▸ **MATERIAL FOR THE TASK**:
----------

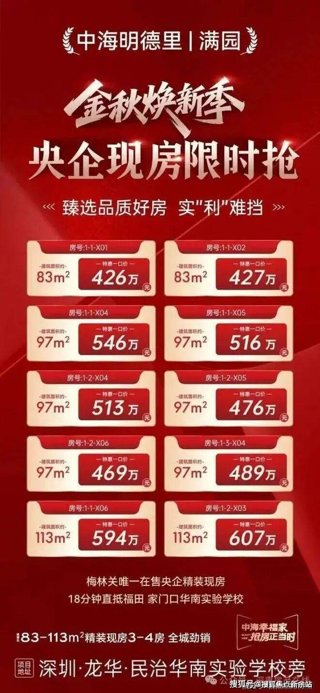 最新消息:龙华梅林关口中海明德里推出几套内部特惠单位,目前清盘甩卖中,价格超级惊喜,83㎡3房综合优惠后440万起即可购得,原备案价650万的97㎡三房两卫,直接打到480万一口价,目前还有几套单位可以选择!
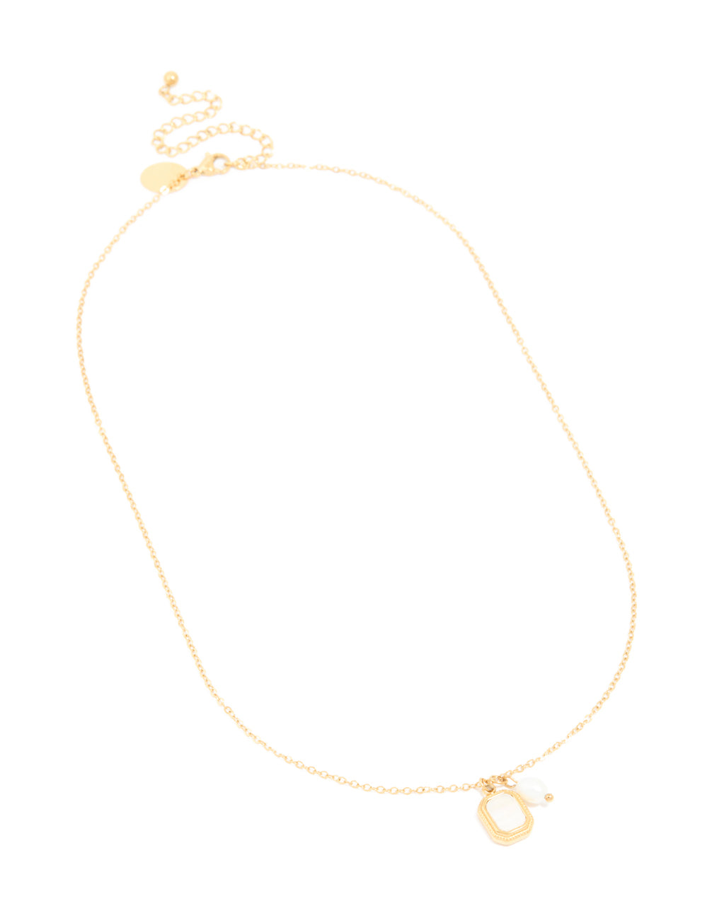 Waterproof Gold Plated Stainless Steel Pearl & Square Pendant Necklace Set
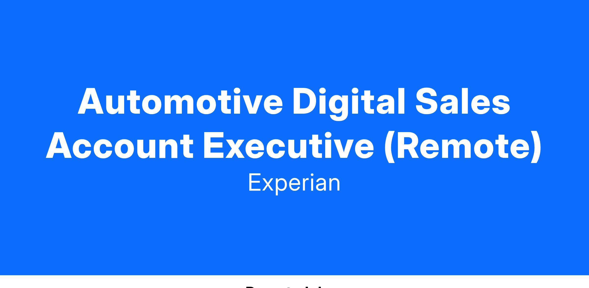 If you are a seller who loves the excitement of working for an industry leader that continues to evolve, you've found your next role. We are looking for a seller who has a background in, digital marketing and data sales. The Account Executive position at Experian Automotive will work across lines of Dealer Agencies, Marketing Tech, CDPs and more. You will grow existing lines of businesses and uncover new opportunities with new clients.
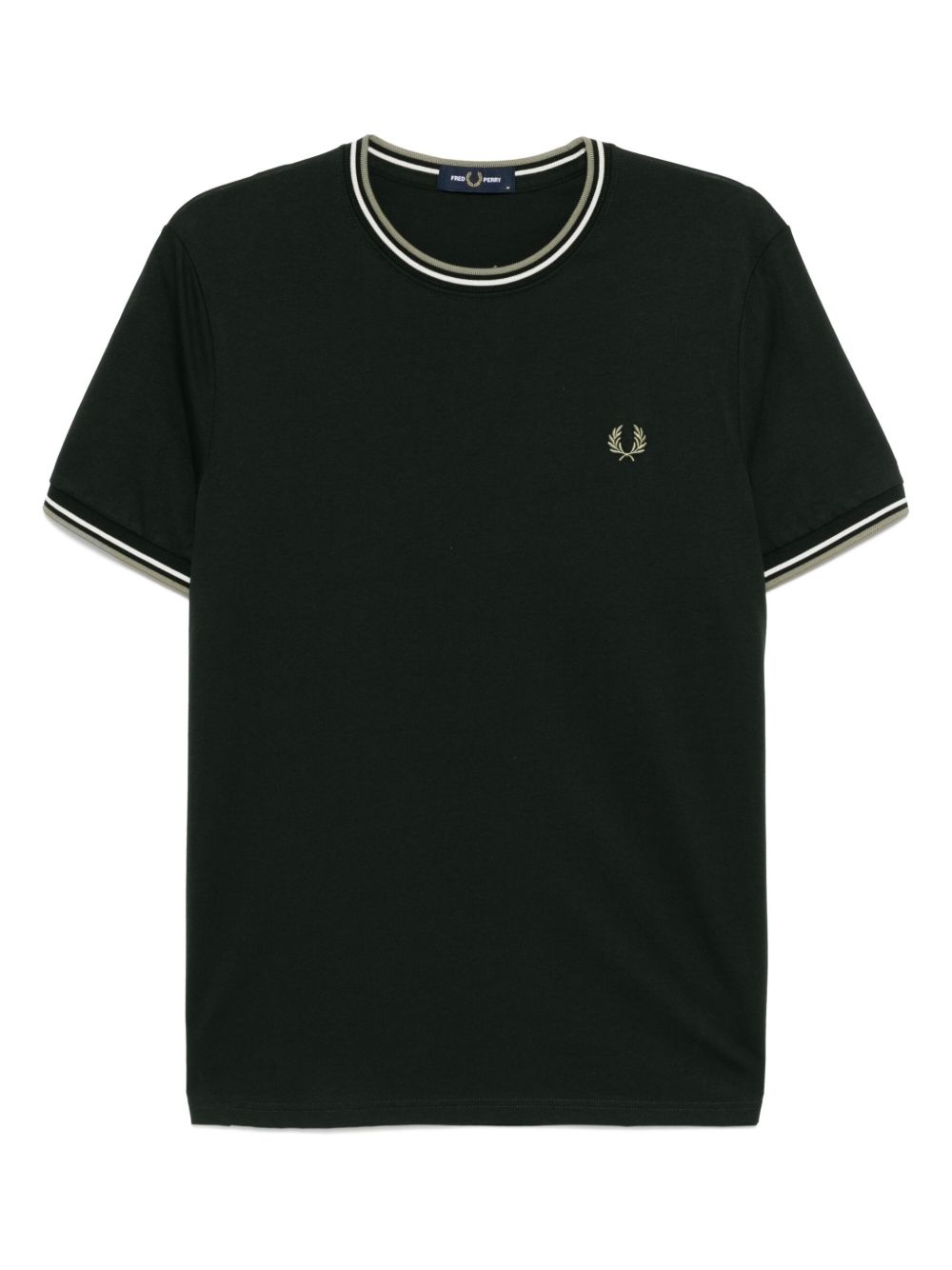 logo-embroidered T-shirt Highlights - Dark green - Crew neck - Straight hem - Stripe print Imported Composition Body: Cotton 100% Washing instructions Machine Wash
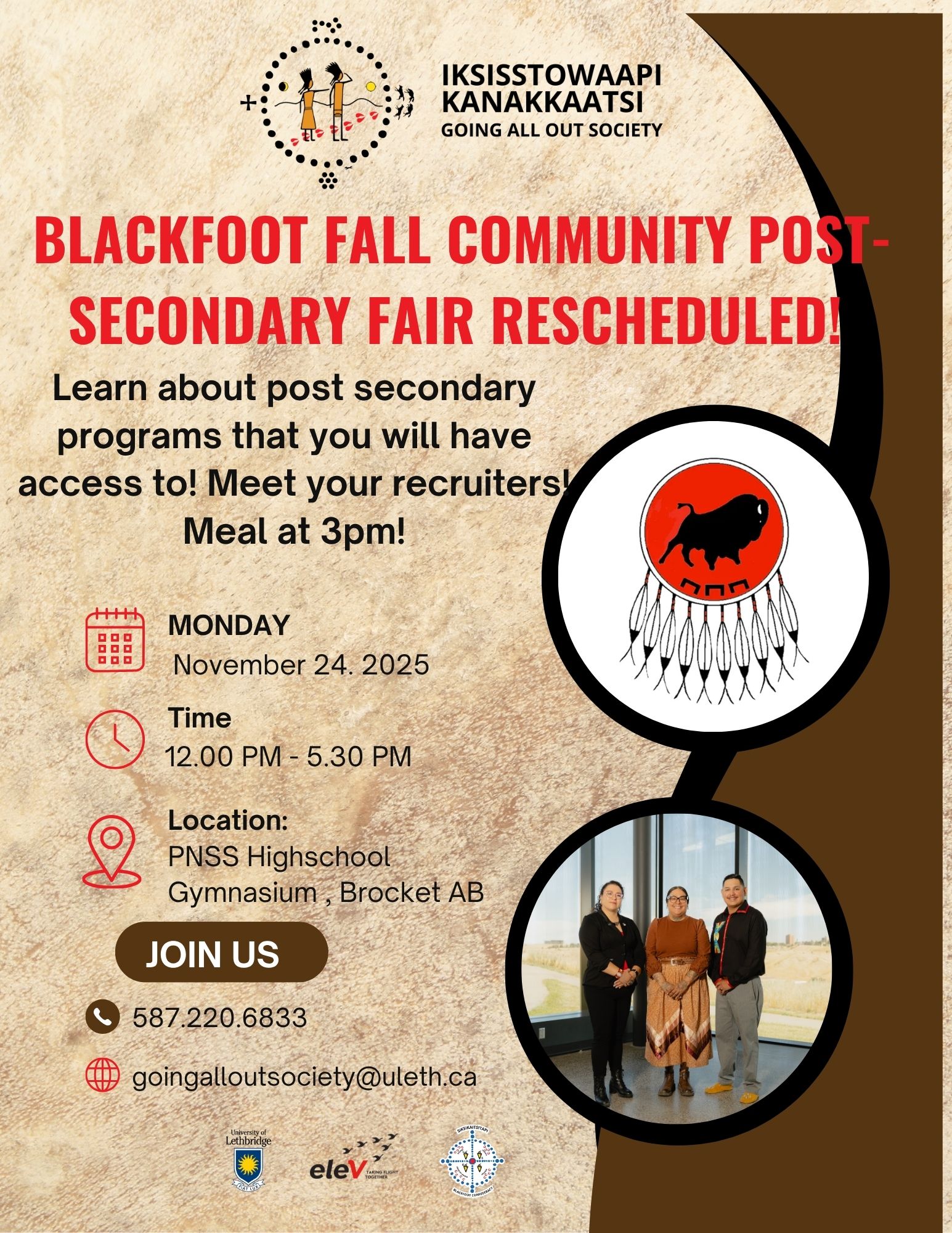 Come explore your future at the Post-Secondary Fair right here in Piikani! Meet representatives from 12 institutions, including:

----------

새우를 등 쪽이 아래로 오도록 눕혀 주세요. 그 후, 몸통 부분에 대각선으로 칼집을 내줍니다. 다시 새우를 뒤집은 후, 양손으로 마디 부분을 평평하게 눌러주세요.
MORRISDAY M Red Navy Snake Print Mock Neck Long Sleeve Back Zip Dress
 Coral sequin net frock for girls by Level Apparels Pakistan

----------

▸ **ASSIGNMENT**: In the data above, the stretch from the line with "logo-embroidered T-shirt Highlights" through the line with "Come explore your" is to be returned exactly, minus any pictures.

▸ **TASK RESULT**:
 logo-embroidered T-shirt Highlights - Dark green - Crew neck - Straight hem - Stripe print Imported Composition Body: Cotton 100% Washing instructions Machine Wash
 Come explore your future at the Post-Secondary Fair right here in Piikani! Meet representatives from 12 institutions, including:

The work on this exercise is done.